Comment by audunw 19 hours ago

1 reply

It’s hard to judge before stackless coroutines are reintroduced. But I think you’re entirely wrong that the next version of it will have colored functions, even according to your definition.

It has been mentioned that it’s possible that the default for debug builds is that every single function is compiled as an async function. I.e. there is canonically only one function color. Changing function color could become an optimisation for release builds. This is really not much different from inlining functions or other tricks the compiler can do with the calling convention if it has perfect knowledge of all callers.

> it appears to me that the Zig team decided to have every concurrency technique in the hope that it would appear innovative.

That’s a really bad take. It’s not much different from what they did to make allocators explicit. It’s an excellent approach for what Zig is supposed to be. Different concurrency models have different performance tradeoffs, just like with allocators. If the can support different IO models without making the language complicated, that’s a huge win, and they seem to be achieving that.

I find this approach the opposite of “appear innovative”. They’ve moved away from designing in a bunch of fancy syntax that locks users into one particular concurrency model, and gone for a more explicit and boring design which puts power in the hands of the user. It may not be right for everyone, but for what Zig is setting out to do it’s perfect. A disciplined decision in my opinion.

Getting stackless coroutines right for a low level language like Zig would be somewhat innovative. But not in a way that’s flashy or super interesting.

gavinhoward 15 hours ago

> It has been mentioned that it’s possible that the default for debug builds is that every single function is compiled as an async function.
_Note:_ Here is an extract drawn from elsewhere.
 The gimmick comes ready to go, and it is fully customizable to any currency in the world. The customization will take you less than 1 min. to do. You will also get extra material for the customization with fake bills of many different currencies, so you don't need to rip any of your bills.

I.e. there is canonically only one function color.

But then, for those that choose to only use blocking I/O or green threads, they still pay the penalty of async merely existing.

> That’s a really bad take. It’s not much different from what they did to make allocators explicit.
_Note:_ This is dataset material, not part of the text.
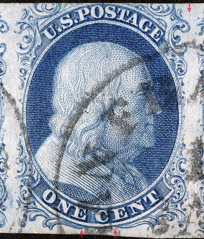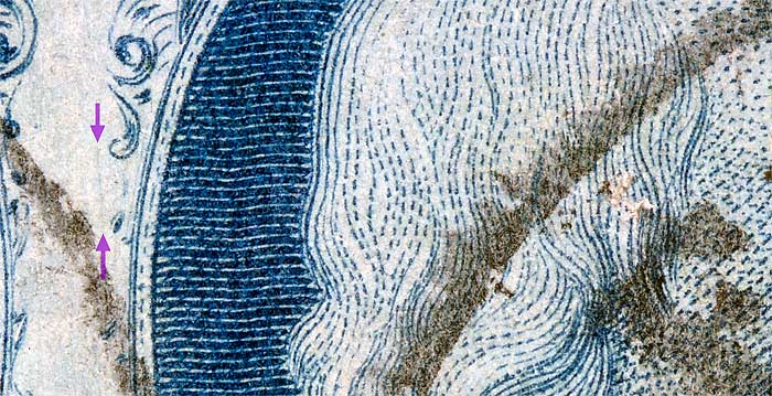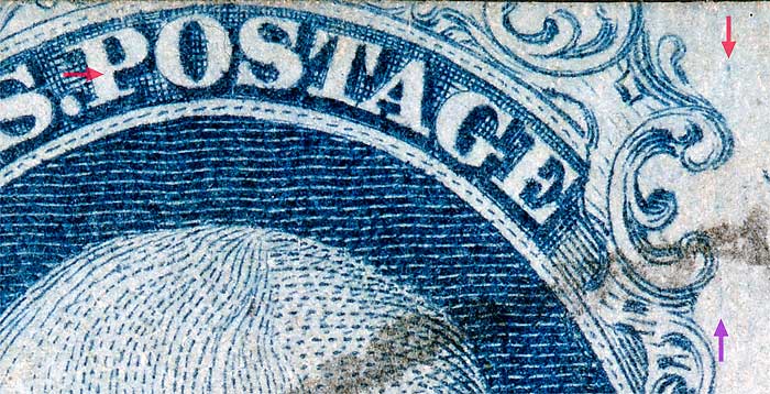| Figure 1. (BELOW). Small blurry dot of color plating mark as illustrated in the Neinken/Ashbrook plating diagrams. Vertical line of color below Ornament M (violet arrows) not confirmed as consistent.

I mean, Zig explicit allocators are really the same thing is Go interfaces, just dressed up as an innovative feature by a specific use case. This is what I mean by "appearing" innovative: they are taking old and tested ideas and presenting them in new ways to make them appear new.

Also, Zig could have had explicit allocators without needing to pass them to every function [1].

> They’ve moved away from designing in a bunch of fancy syntax that locks users into one particular concurrency model, and gone for a more explicit and boring design which puts power in the hands of the user.

Except that if every function is made async, they have actually removed from users the power to choose to not use async.